This Hole-in-the-Wall Life

A couple of weeks ago, the Los Angeles Times published a story about how 1.5- and second-generation Vietnamese were modernizing Little Saigon's restaurant scene by introducing friendly customer service, better-quality food, and higher prices. Reporter My-Thuan Tran wasn't particularly generous to the hundreds of restaurants that make Little Saigon one of the country's great ethnic enclaves, dismissing them as “grungy, low-tech, basic eateries that were turn-offs to some diners.” Chula: and what's wrong with that? Sleeker nouveau Viet chow houses like Quan Hop, Brodard Chateau, and S Fine Dining are all excellent, yes, but nothing beats delicious, cheap food—damn the service, the atmosphere, the bloody scene. Give me the dives—give me BUN BO HUE SO 1.

Here is Tran's nightmare: a cramped, loud space that reeks of fish sauce and usually blasts the overwrought Paris by Night musical productions that make Bollywood seem as modest as a Quaker meeting house. Someone will hand you a menu and return a minute later, demanding you order. No one checks up on you afterward, and you must approach the register to pay your bill. Horror of horrors! Prissy types expecting the Ritz-Carlton can go to . . . well, the Ritz-Carlton; you're here for the rude, wonderful, eponymous bún bò Hue, central Vietnam's famed soup.

Pho was long-ago assimilated into the Orange County palate, but bún bò Hue still isn't quite there. Whereas pho is gentle and savory, bún bò Hue is a visual, olfactory and palatal smack: brick-red, usually bobbing with cubes of congealed pork blood, and with enough lemongrass and chile to (insert tasteless napalm joke here). You decide how many bitter herbs and how much chile oil and fermented shrimp paste to add, but the traditional way demands you put enough in to make the bún bò Hue radiate.

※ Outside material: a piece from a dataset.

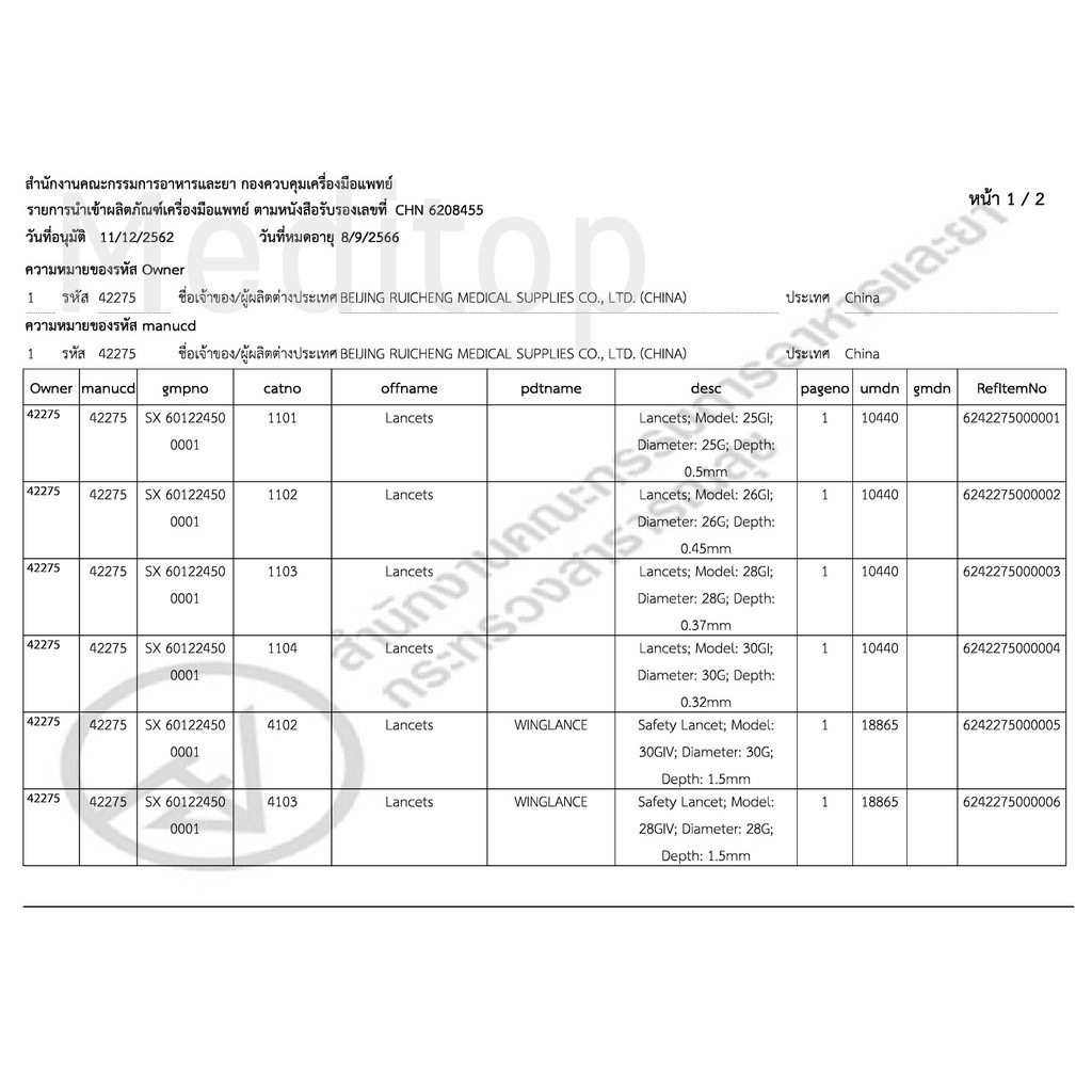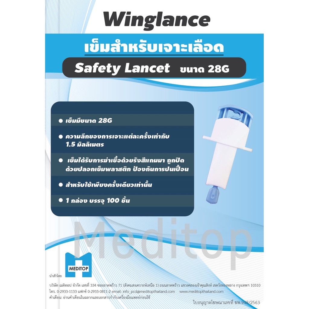 Safety Lencet เข็มเจาะเลือดปลายนิ้ว ขนาด 28G ใช้ครั้งเดียวทิ้ง เพื่อวัดน้ำตาลในเลือด MDT

County Vietnamese consistently mention Bún Bò Hue So 1 as one of Little Saigon's top-five restaurants for its soup, and the results don't disappoint. Cooks prepare 10 versions, from abattoir-like bowls stuffed with skin-on pork hocks, the aforementioned pork-blood cubes and other offal bits to a vegetarian version containing only rice noodles and bean sprouts. The happy medium is one with sliced beef and delicious pork sausage: meaty, zesty, everything that's great and wonderful about eating. Add a large lemonade and a big cup of mung beans doused with coconut milk, and your wallet is $8 lighter—roughly the cost of one of the cheaper entrées at Tran's much-ballyhooed upscale Little Saigon places. The choice is yours.